9. We will impute all the null values using the KNNImputer.
from sklearn.impute import KNNImputer
imp = KNNImputer(n_neighbors=5) )
K_data = imp.fit_transform(df_kidney)
K_data = pd.DataFrame(K_data, columns=df_kidney.columns)
10. Now Let’s plot a heatmap to see the relationship between the variables.
import seaborn as sns
import matplotlib.pyplot as plt
plt.figure(figsize=(20, 20))
sns.heatmap(K_data.corr(), annot=True, cmap='YlOrRd')
11. Now let’s assign all the features to the X variable and the target variable to 'Y'. We will further use StandardScaler to scale the features so that they have the same scale and avoid any bias.
from sklearn.preprocessing import StandardScaler
X = K_data.drop(['classification'], axis=1)
Y = K_data['classification']
x = StandardScaler().fit_transform(X)
12. Now Let’s split the dataset in the ratio of 70:30 train and test.
from sklearn.model_selection import train_test_split
x_train, x_test, y_train, y_test = train_test_split(x,Y,test_size=0.3)
13. We will be using random forest classifier to build our machine learning model.
from sklearn.ensemble import RandomForestClassifier
from sklearn.metrics import accuracy_score, confusion_matrix, classification_report
model = RandomForestClassifier()
model.fit(x_train, y_train)
y_pred = model.predict(x_test)
accuracy = accuracy_score(y_test, y_pred)
print("Accuracy:", accuracy)
print("Classification Report:")
print(classification_report(y_test, y_pred))

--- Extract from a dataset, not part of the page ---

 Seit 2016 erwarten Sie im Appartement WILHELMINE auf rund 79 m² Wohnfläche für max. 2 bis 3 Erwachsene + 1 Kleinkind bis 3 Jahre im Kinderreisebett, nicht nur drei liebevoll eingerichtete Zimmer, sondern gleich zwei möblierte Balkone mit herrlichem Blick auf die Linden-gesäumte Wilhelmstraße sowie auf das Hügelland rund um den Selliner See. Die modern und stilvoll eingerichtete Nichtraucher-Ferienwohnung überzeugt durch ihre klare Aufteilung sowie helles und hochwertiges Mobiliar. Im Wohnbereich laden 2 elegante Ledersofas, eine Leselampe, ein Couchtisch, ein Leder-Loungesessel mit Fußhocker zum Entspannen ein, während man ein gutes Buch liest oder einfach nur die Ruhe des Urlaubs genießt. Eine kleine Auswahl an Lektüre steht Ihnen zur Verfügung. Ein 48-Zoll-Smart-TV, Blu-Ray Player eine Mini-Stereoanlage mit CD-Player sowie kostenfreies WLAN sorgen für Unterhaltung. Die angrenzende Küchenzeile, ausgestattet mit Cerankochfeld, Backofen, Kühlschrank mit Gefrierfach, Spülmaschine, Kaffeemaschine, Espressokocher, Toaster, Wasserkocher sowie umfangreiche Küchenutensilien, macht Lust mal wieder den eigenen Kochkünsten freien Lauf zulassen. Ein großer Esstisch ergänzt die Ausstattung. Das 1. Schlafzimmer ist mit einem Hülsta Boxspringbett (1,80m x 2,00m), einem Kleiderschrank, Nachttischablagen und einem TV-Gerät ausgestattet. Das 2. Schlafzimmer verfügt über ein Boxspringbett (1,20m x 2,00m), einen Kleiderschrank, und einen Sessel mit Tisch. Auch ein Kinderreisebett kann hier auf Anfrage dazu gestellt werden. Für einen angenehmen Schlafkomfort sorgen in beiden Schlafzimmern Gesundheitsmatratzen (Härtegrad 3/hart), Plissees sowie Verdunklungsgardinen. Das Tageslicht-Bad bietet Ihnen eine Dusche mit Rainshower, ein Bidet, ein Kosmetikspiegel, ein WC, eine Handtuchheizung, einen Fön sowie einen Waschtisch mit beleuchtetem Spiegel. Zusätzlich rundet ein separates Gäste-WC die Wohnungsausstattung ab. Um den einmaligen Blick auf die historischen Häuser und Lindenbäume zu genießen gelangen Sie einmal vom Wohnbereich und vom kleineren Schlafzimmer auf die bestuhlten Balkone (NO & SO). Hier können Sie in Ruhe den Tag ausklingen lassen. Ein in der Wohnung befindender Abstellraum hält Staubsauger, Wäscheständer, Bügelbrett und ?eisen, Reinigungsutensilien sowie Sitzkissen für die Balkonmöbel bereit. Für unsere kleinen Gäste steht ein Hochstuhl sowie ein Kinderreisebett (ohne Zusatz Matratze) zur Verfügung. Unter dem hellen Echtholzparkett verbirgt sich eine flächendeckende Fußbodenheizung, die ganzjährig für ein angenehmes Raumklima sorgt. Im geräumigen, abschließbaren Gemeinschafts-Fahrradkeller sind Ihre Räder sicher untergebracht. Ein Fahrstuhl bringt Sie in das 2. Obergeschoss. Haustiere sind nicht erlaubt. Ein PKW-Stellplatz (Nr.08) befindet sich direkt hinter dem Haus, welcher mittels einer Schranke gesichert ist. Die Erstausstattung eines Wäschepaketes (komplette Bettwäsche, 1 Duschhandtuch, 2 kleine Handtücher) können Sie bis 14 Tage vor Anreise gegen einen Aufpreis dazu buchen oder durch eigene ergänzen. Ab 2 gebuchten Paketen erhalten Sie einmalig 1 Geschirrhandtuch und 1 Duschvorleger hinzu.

Our Model has achieved an accuracy of 98.33%
Conclusion
In conclusion, the application of machine learning techniques in the detection of kidney disease holds significant promise for improving patient care and outcomes. By harnessing the capabilities of ML algorithms to analyze vast amounts of data, identify patterns, and make accurate predictions. It would allow doctors to diagnose kidney disease at an early stage and start treatment as soon as possible.
Frequently Asked Questions
Q1) What is the role of machine learning in kidney disease detection?

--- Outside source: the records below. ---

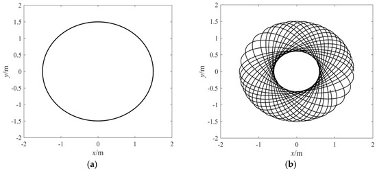 According to Equations (3) and (6), the swing of the space tethered combination was simulated. The system parameters were set up as follows: the initial tether length l0 = 3 m, the initial internal swing angle α0 = 30° = 0.52 rad, the acceleration az = −5 m/s2 and v0 = 2.08 m/s can be obtained by calculation from Equation (3). The simulation result of the target trajectory mapped to the XY-plane is shown in Figure 2a, which is a circle of 1.5 m radius. For comparison, the initial velocity of the target was set to v2 = 0.83 m/s; the simulation result of the target trajectory mapped to the XY-plane is shown in Figure 2b, which is composed of a series of precessional ellipses.
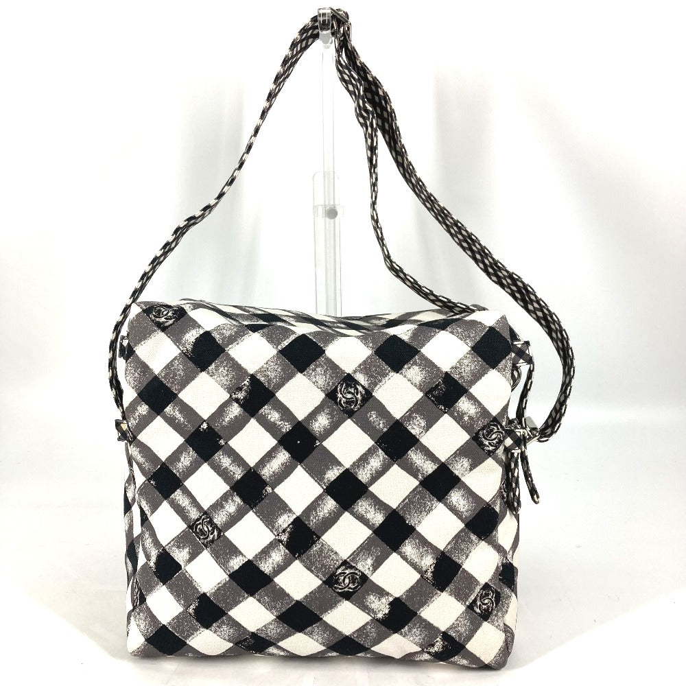 CHANEL Shoulder Bag canvas white Check CC COCO Mark Women Used Authentic
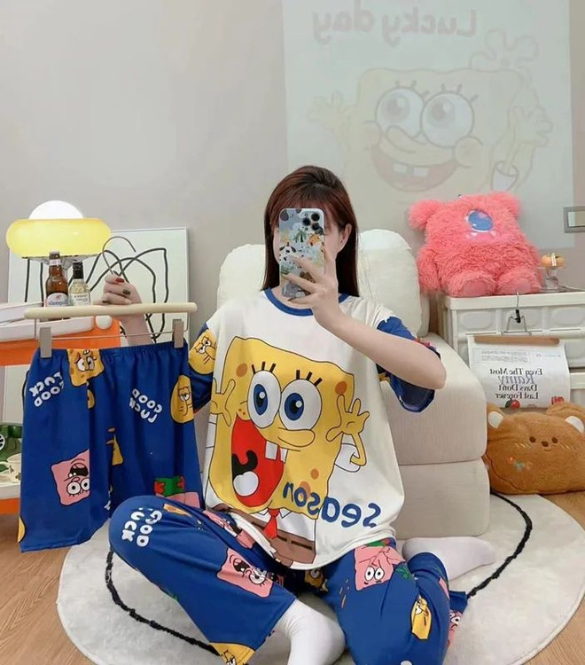 ست بلوز و شلوار و شورتک سه تکه کره ای باب اسفنجی آبی کد 091
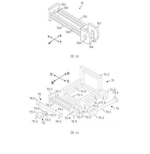 如圖13所示,滑動座72包括第一U形板72-1、第二U形板72-2、蓋形板72-3、第一尾板72-4、以及第二尾板72-5。第一U形板72-1和第二U形板72-2的開口端都與蓋形板72-3的左側(cè)面(即里側(cè)面)固定連接,并且第一U形板72-1和第二U形板72-2均與蓋形板72-3相垂直,其中蓋形板72-3沿豎直方向延伸且蓋形板72-3上設(shè)置有通孔72-8,第一U形板72-1和第二U形板72-2均沿水平方向延伸;第一U形板72-1位于第二U形板72-2的上方,第一U形板72-1與第二U形板72-2相互平行且二者之間設(shè)置有一個縫隙72-9。在本實(shí)施例中,第一U形板72-1與第二U形板72-2相同。
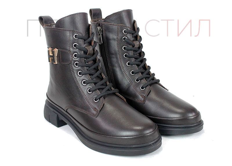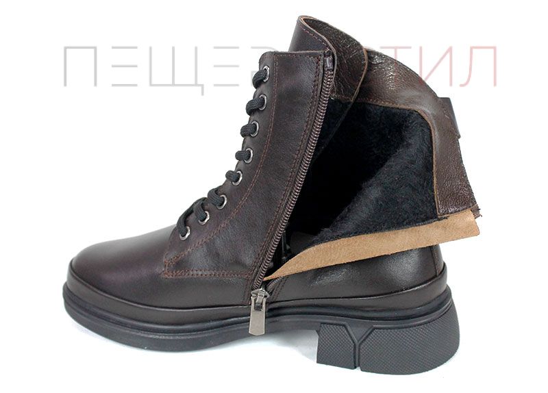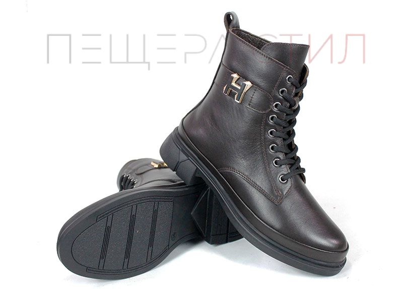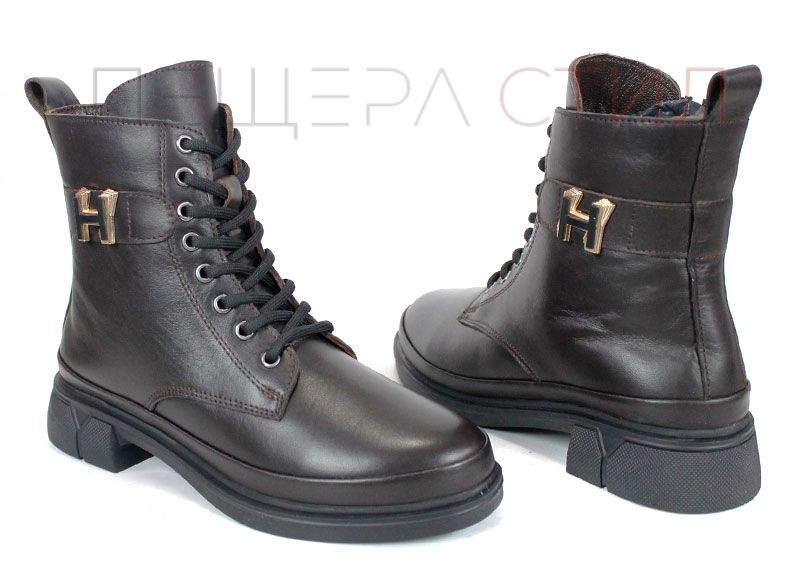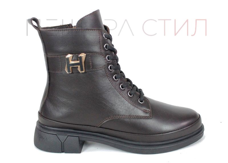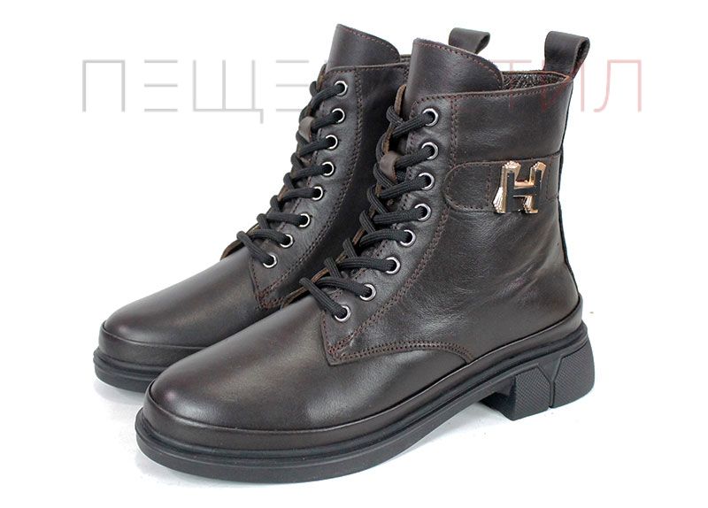 Noir Forte – дамски кубинки от естествена кожа в тъмно кафяво

Machine learning algorithms can analyze large datasets to identify patterns and make predictions based on various factors related to kidney function. They can assist in early detection, risk assessment, and personalized treatment strategies for individuals with kidney disease.
Q2) What machine learning techniques are used to predict chronic kidney disease risk?
Some of the main machine learning algorithms used to predict the occurrence of CKD are Naïve Bayes, decision trees, K-nearest neighbor, random forests, and support vector machines.
Q3) Why is predicting kidney disease important?
Predicting kidney disease is crucial for several reasons. Early detection allows for timely intervention and treatment, which can significantly slow down the progression of the disease, reduce complications, and improve patient outcomes.